Patiently (and nervously) waiting.
As the Mass finishes Jeff (director of FOCUS Missions) calls for 10 missionaries to come up front to prepare for the distribution of the wheelchairs. Since there are far more missionaries than chairs I figured I'll just let one of the other missionaries who's dying to serve get up there. So I wait. And wait, for what seems like a minute, but is really only a few seconds, and only a few people make their way to the front. In my heart I know that I just need to face this fear and go up there, so I do. The first recipient of one of these chairs is a young boy, probably in the 10-13 range, who's severely handicapped both physically and mentally. Curtis (yes Martin) rushes over to help his family get him into the chair, the audience applauds and the family take pictures while his mother sheds tears of joy. It's nearly impossible to not be moved by such an event, and I instantly begin thinking about my hands nervously gripping the medium-sized wheelchair in front of me. Jeff calls the next name and a petite elderly woman with a large oxygen tank steps forward and shakily raises her hand. The chair in front of me clearly belongs to this woman, and now I need to take action. I hastily and clumsily make my way towards her, help her into her chair, and feel my heart beating a hundred miles a minute.

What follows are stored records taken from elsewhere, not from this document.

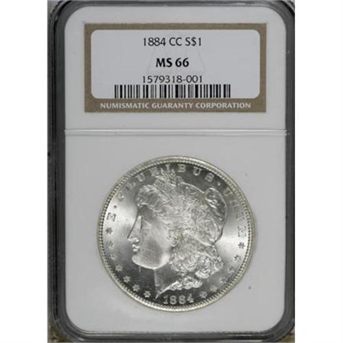 <B>1884-CC $1 MS66 NGC.</B></I> Intensely lustrous and essentially untoned, with spindly peripheral die cracks on each side, and faint roller marks noted on Liberty's jaw. Sharply struck and impressively preserved, with just a few trivial obverse marks that prevent an even loftier grade.<BR><BR><B>Coin Engraver:</B> George T. Morgan<BR><BR><b>Shipping:</b> Coins & Currency (<a target="_blank" href="http://www.heritageauctions.com/common/shipping.php">view shipping information</a>)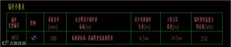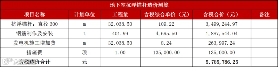 项目前期提供方案为抗浮锚杆,具体方案为:直径300mm抗浮锚杆共计4929根,设计有效锚杆长度6.5米,竖向抗拔力特征值250KN。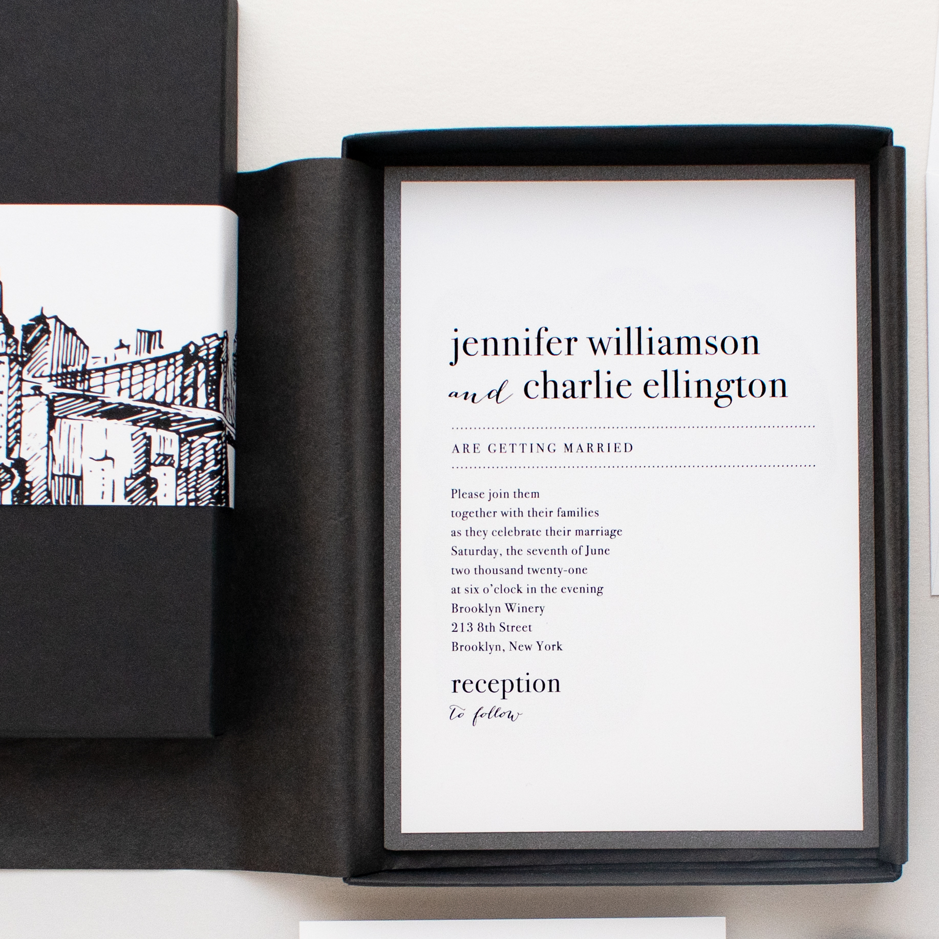 Unique New York City inspired modern skyline wedding invitations. So modern and chic! Each set features simple typographic fonts, bright white paper, gray metallic backing paper all bundled with black silk ribbon. They are then wrapped with black tissue and placed in a black box. It’s like unwrapping a gift!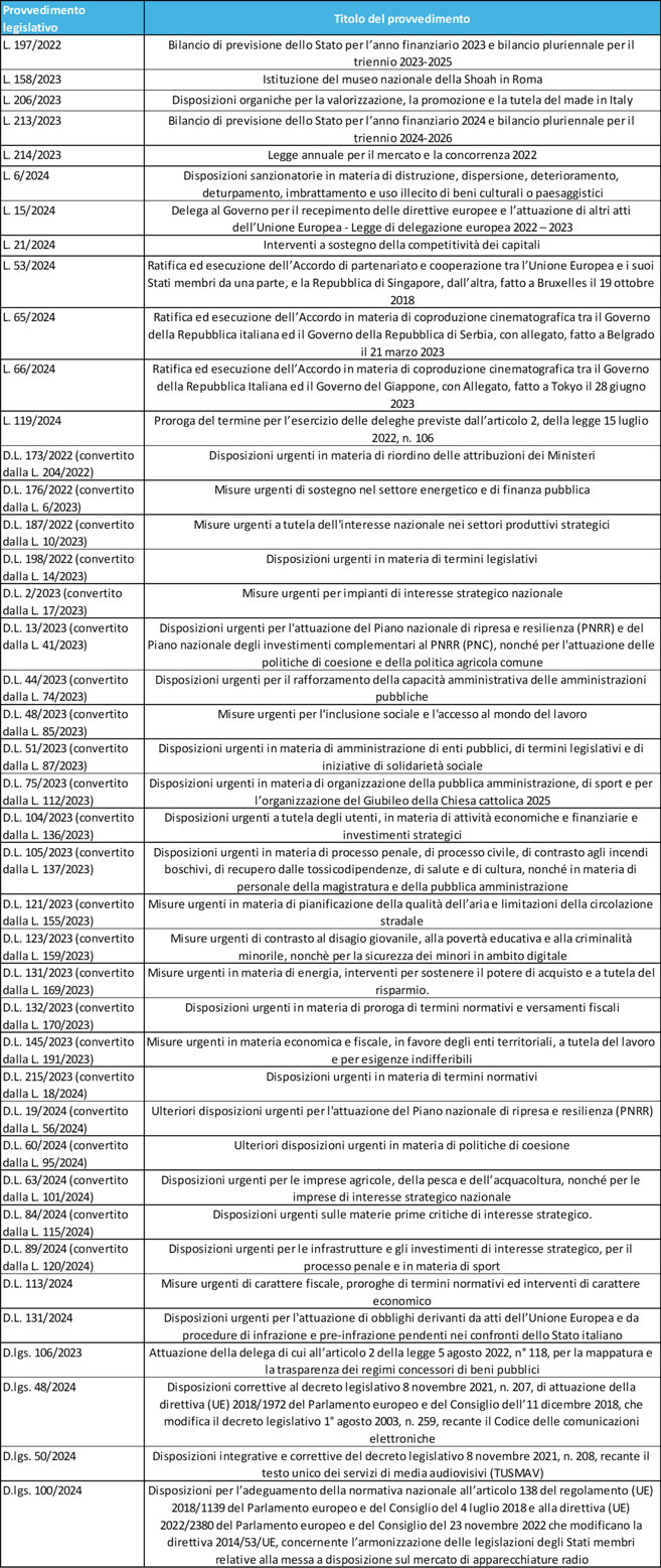 Punto del programma di Governo "Made in Italy, cultura e turismo": provvedimenti legislativi pubblicati in Gazzetta Ufficiale di iniziativa governativa.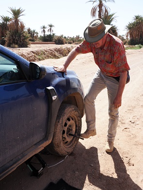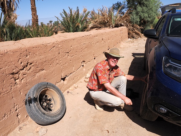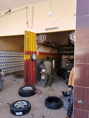Am nächsten Tag sind wir dann zu einer Werkstatt in Tagounite gefahren, wo zwei Löcher im Reifen gefunden wurden. Nachdem diese ihre passenden Flicken erhalten hatten wurde das Rad wieder mit dem Ersatzrad getauscht. Da wir ja rechtzeitig anghalten hatten war die Reifenflanke nicht beschädigt und eine Reparatur noch möglich. So hat uns das Ganze umgerechnet 10,00 Euro gekostet.

The fear turns into love. In an instant I love this woman, who so reminds me of someone very near and dear to me in my own life, and I know this is exactly where God intends me to be. What a beautiful grace. The rest of the distribution takes longer than expected, but during that time teams of missionaries walk around and pray with those who received the wheelchairs. This was another incredible grace of love and joy.

That is how Jesus wanted to heal me of this fear, and being the Divine Physician he did exactly what he promised. Now that I'm back in Fargo I've already looked into different ways to serve in that capacity. I'm excited to begin serving at the Dorothy Day shelter in Moorhead (a shelter for 12 homeless men at a time) by serving a meal, hopefully with a student, at least once a month. My first meal is coming up this week and I recently found a recipe for an incredible chicken wild rice soup that I can't wait to make for these men.

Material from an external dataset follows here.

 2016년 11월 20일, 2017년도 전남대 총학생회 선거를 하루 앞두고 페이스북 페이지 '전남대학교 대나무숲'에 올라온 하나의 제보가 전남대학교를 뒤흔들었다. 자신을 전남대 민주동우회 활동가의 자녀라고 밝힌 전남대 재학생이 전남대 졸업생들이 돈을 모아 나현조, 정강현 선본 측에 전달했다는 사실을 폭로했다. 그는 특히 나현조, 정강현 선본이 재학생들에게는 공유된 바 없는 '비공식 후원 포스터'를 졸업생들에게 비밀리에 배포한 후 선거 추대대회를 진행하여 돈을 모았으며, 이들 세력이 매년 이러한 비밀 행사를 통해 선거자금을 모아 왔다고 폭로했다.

I'll stop with this update for now, but hopefully I can get you another one soon from the rest of my break! What an incredible, grace-filled time it was--between spending time with my family and friends, spending time with Lee and his family in St. Cloud, going to the Student Leadership Summit in Dallas, and the Mission Director Summit in Mexico City, let's just say that it's good to be back on campus for another semester and I'm chompin' at the bit to continue the Lord's work at NDSU.

Here are some pictures from our trip to Mexico City with all of this year's Mission Directors:

Reading the instructions...
Assembling the first chair with Teresa.
So close...
Probably should get some quality control.... Thanks Ray.
Our Group in the old Basilica of OLG.
Msgr. addressing the group; yours truly made the pic.
Curtis helping the young boy into his chair.
The joy from a mother for her son. 
Praying with Rosa, the woman who received her chair from me.

Speaking briefly with Cardinal Norberto Rivera Carrera, and caught on film!
On our way to Xochimilco for a fun boating outing our last day.
On the boat. Tanya, Gomez, Jeff, KMK, Teresa.
A view of the boats; hard to describe but incredible! 
There were even Mariachi boats that you could pay to play music next to yours.

And this woman was busy cooking what would be our supper that evening. (Unfortunately most people got sick...coincidence? I don't know..)
Our group on the boat, sitting down to eat. 
Lee and I X-Country skiing in Fargo.